Neoplastic Transformation by Notch Requires Nuclear Localization

Shawn Jeffries and Anthony J. Capobianco*

Department of Molecular Genetics, Biochemistry and Microbiology, University of Cincinnati College of Medicine, Cincinnati, Ohio 45267-0524

Received 28 December 1999/Returned for modification 28 February 2000/Accepted 8 March 2000

Notch proteins are plasma membrane-spanning receptors that mediate important cell fate decisions such as differentiation, proliferation, and apoptosis. The mechanism of Notch signaling remains poorly understood. However, it is clear that the Notch signaling pathway mediates its effects through intercellular contact between neighboring cells. The prevailing model for Notch signaling suggests that ligand, presented on a neighboring cell, triggers proteolytic processing of Notch. Following proteolysis, it is thought that the intracellular portion of Notch (Nic) translocates to the nucleus, where it is involved in regulating gene expression. There is considerable debate concerning where in the cell Notch functions and what proteins serve as effectors of the Notch signal. Several Notch genes have clearly been shown to be proto-oncogenes in mammalian cells. Activation of Notch proto-oncogenes has been associated with tumorigenesis in several human and other mammalian cancers. Transforming alleles of Notch direct the expression of truncated proteins that primarily consist of Nic and are not tethered to the plasma membrane. However, the mechanism by which Notch oncoproteins (generically termed here as Nic) induce neoplastic transformation is not known. Previously we demonstrated that N1ic and N2ic could transform E1A immortalized baby rat kidney cells (RKE) in vitro. We now report direct evidence that N1ic must accumulate in the nucleus to induce transformation of RKE cells. In addition, we define the minimal domain of N1ic required to induce transformation and present evidence that transformation of RKE cells by N1ic is likely to be through a CBF1-independent pathway.

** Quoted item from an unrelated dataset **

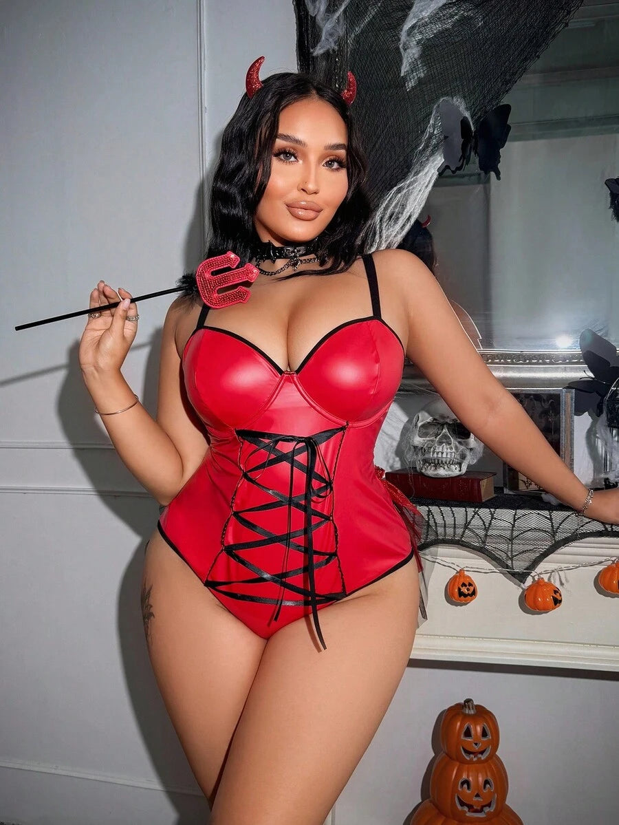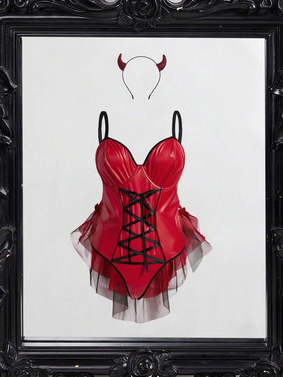 Fantasy costume 2 piezas lenceria sexy con diseno de cruce de encaje estilo diablo, con aros, paneles adelgazantes, volantes en el bajo y contraste de color, lenceria sexy sin entrepierna para cosplay, disfraz de fiesta de halloween, festival de musica,

* Corresponding author. Mailing address: Department of Molecular Genetics, Biochemistry and Microbiology, University of Cincinnati College of Medicine, Cincinnati, OH 45267-0524. Phone: (513) 558-3664. Fax: (513) 558-8474. E-mail: tony.capobianco{at}uc.edu.


Molecular and Cellular Biology, June 2000, p. 3928-3941, Vol. 20, No. 11
0270-7306/00/$04.00+0
Copyright © 2000, American Society for Microbiology. All rights reserved.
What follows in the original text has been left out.